Al meerdere jaren houdt de discussie over een 'Sportwet' de gemoederen in en rond de sport stevig bezig. Zeker in de politiek is het tegenwoordig salonfähig om voor een Sportwet te pleiten. De sport zelf houdt een slag om de arm. Deze dynamiek kent zo haar eigen geschiedenis. De roep om een specifiek wettelijk kader voor de sport dateert al van de jaren tachtig van de vorige eeuw. De periode waarin sport maatschappelijk steeds meer profiel kreeg. Met de overgang van sportstimuleringscampagnes als 'Trim u Fit' naar overheidsprogramma’s als de 'Buurt-Onderwijs-Sport' (BOS) Impuls. De taakverdeling rond het aanjagen en verbreden van sportbeoefening verschoof langzamerhand van het ‘particulier initiatief’, in Nederland ook wel ‘georganiseerde sport’ genoemd, naar de overheidskolom: rijk, provinciale en lokale overheden. Als gevolg hiervan verviel van rijkswege de zogenaamde ‘budgetfinanciering’ voor sportbonden en kwam er ruimte voor politiek gestuurde projectfinanciering. Omdat gemeenten van oudsher al verantwoordelijk waren voor sportfaciliteiten en -accommodaties, lag het voor de hand deze overheidslaag nu ook meer middelen te geven om de organisatie van het sportaanbod te versterken. Immers, gemeenten staan dichtbij verenigingen – veelal dichterbij dan bonden - en andere lokale stakeholders, zoals scholen, zorg en welzijn.

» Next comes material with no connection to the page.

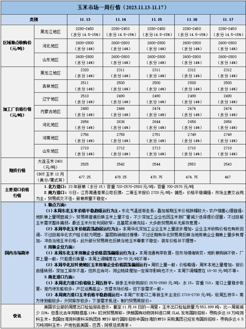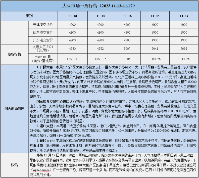 天然橡膠、大豆、玉米市場一周行情(2023.11.13-11.17)

"Sterke bestuurders hebben geen wettelijk kader nodig om de positie van sport lokaal stevig te verankeren"
In deze lokale arena moest sport nu concurreren met andere sectoren in haar bijdrage aan maatschappelijk relevante doelstellingen als gezondheidsbevordering, participatie of integratie. Een gevestigde orde, die in de loop van deze eeuw ging schuiven als gevolg van de zogenaamde 'decentralisatie' van overheidstaken in het sociaal domein van landelijk naar lokaal. Gemeenten werden vanaf 2015 bijvoorbeeld verantwoordelijk voor de jeugdzorg, een terrein waarop de sport in preventief opzicht veel te bieden heeft. Echter, samenwerking met lokale partners en integratie van gemeentelijke budgetten bleek allerminst vanzelfsprekend. Op de achtergrond vochten steeds meer bonden voor hun bestaansrecht bij het versterken van verenigingen.

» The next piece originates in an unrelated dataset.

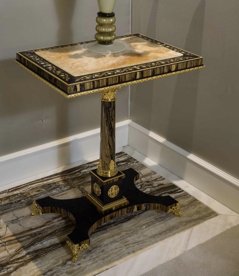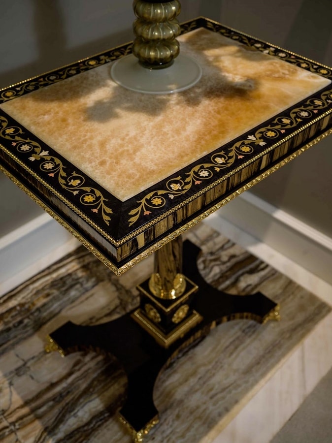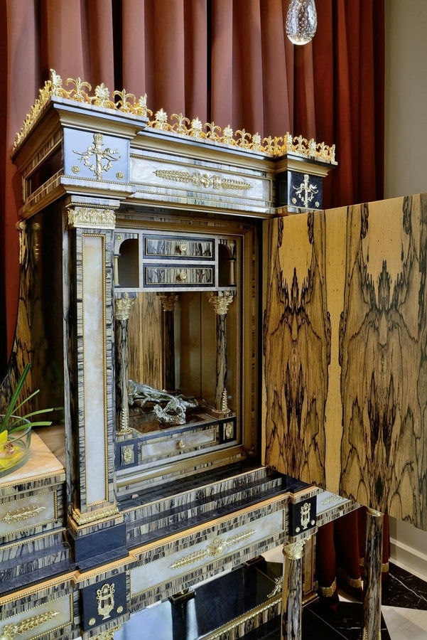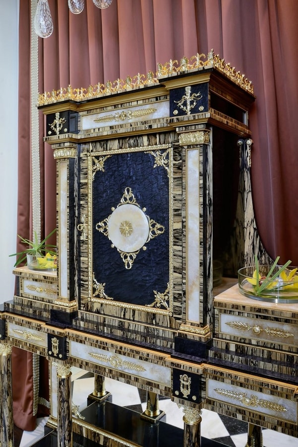 Massiver Tulpenschrank aus schwarzem Erable und weißem Ebenholz mit vergoldeten Bronzen, Marmor aus Honig-Onyx. Die Kombination verschiedener Essenzen in natürlichen Farbtönen und kostbaren Materialien wie Marmor, Bronzen und dem antiken Spiegel erwecken dieses luxuriöse und majestätische Stück zum Leben, das sich ideal für große Eingangsräume und Wohnzimmer eignet. Die gleichen Materialien werden in dem runden kleinen Tisch aus weißem Ebenholz mit Inlays aus Essenz und Messing, Onyx-Platte und fein gearbeiteten Messingapplikationen in Gold-Finish vorgeschlagen. Begleiten Sie den Schrank für luxuriöse Majlis.

En exact in dit spanningsvlak ontstaat dan de roep om een specifiek wettelijk kader voor de sport, onder ingewijden al snel 'Sportwet' genoemd. Met zo’n wettelijk kader zou de positie van de sport binnen het lokale krachtenveld gegarandeerd zijn. Immers, iedereen heeft recht op sport, was het motto. Waar komt dat geloof in de kracht van de wet vandaan? Een vaak geciteerde uitspraak van Plato luidt: "Goede mensen hebben geen wetten nodig om hen te vertellen verantwoordelijk te handelen, terwijl slechte mensen een manier zullen vinden om de wetten te omzeilen." Met deze uitspraak wil één van de onbetwiste architecten van ons huidige rechtssysteem het effect van wetgeving relativeren. Het recht lijkt doelen af te kunnen dwingen, door het overtreden van bepaalde wetten strafbaar te stellen. Dus is ook nu de hoop, dat een Sportwet die lokale overheden verplicht tot het aanbieden van sport en bewegen voor iedereen, automatisch zal leiden tot een rijk en laagdrempelig sportaanbod. Maar wie de uitspraak van Plato serieus neemt, zal inzien dat hier sprake is van ijdele hoop. Juridisering bevriest de ontwikkeling van een dynamisch domein als de sport in de tijd. Het toetreden van allerlei nieuwe vormen van sportaanbod, zoals urban sports, sportreizen, -evenementen en schoolsport, verrijkt de sport. Een wettelijk kader in het hier en nu zal vooral de traditionele verenigingssport willen beschermen, terwijl de Nederlandse sport evolueert naar nieuwe manifestaties.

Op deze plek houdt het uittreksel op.